Pese a esas circunstancias tan adversas, el Comité de Derechos Humanos de Segovia no detuvo sus labores. “Repartíamos las denuncias concretas en documentos y pequeños boletines en todo el pueblo”, añade el defensor de derechos humanos.  

La persistencia en esos trabajos los llevó a buscar alternativas subregionales para darle mayor peso al trabajo que venían haciendo en Segovia. Fue así como se realizó en 1993 el Primero Foro por los Derechos Humanos del Nordeste Antioqueño en el municipio de Remedios.

Según Teresa y José fue todo un éxito. “Concluimos que era fundamental constituir el Comité de Derechos Humanos del Nordeste y Bajo Cauca –dice Teresa—. Se determinó que la sede sería Remedios y sus coordinadores serían Vicente Peña Pacheco, Personero de esa localidad, y Jesús Ramiro Zapata, educador de Segovia. De allí salimos fortalecidos”.

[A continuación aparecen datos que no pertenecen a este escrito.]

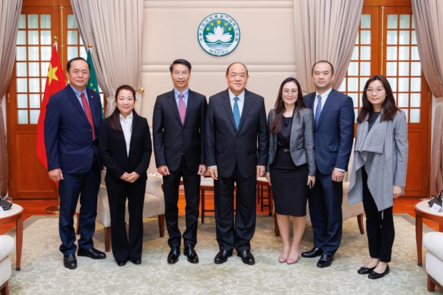 在澳门政府总部,澳门特别行政区行政长官贺一诚会见并与范平谭就中国澳门和越南关系进行了讨论。贺一诚高度评价越南与澳门在多个领域的合作关系,强调越南劳动者具备良好技能、努力工作并为澳门经济做出积极贡献,同时也积极参与当地文化活动。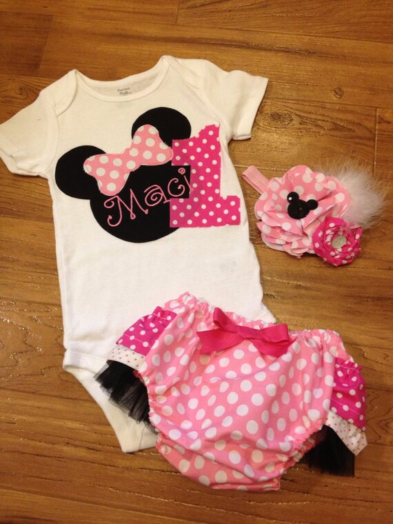 Light pink minnie mouse birthday outfit.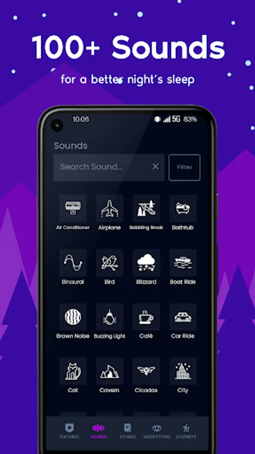 Sleep Jar offers over 200 sleep sounds, stories, journeys, and guided meditations to help promote better sleep, relaxation, focus, or to drown out distracting noises.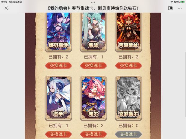 《我的勇者》春节集魂卡,娜贝离诗给你送钻石!我想用帕尔魂卡与你交换娜贝离诗魂卡,https://www.r2games.com.cn/act/card2023/1621369289?exchangeToken=MVVnusrPxweEJjqzEhHf
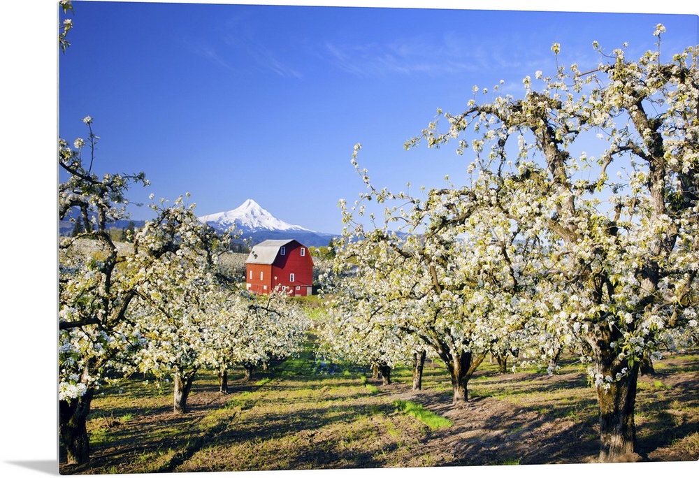 <p>04 May 2011 --- sunrise Mt.Hood and old red barn, Hood River Valley and apple blossoms, Hood River Oregon, Columbia River Gorge, Pacific Northwest. have property release on file. --- Image by Craig Tuttle/Corbis</p>

La decisión de los activistas de derechos humanos de regionalizar el Comité produjo, según ellos, una reacción airada por parte de la fuerza pública. “Ese año comenzaron a hacernos inteligencia y a involucrarnos en procesos judiciales como insurgentes. Nos pusieron alias y muchos estábamos en listas. En ellas estaban el Alcalde de Segovia, una juez de familia y varias personalidades del pueblo, todos sindicados de pertenecer a las Farc y al ElnN”, asegura Teresa.

A la par de las persecuciones de la Fuerza Pública contra los integrantes del Comité, surgió un grupo que reemplazó a ANA. Se trató de ‘Fuerza del Pueblo en Acción’. Apareció en mayo de 1993 en Segovia con grafitis, pero no duró mucho tiempo. Se les sindica de algunos crímenes, pero ninguno contra defensores de derechos humanos.

Los años siguientes se convirtieron en una pesadilla para el Comité. En 1994 arreciaron las amenazas y las detenciones contra sus integrantes, circulaban listas donde estaban incluidas sus directivas. “Todo eso fue orquestado por un capitán de la Policía llamado Juan Vargas –sostiene Teresa–. Él murió varios años después cuando se había integrado a grupos paramilitares”.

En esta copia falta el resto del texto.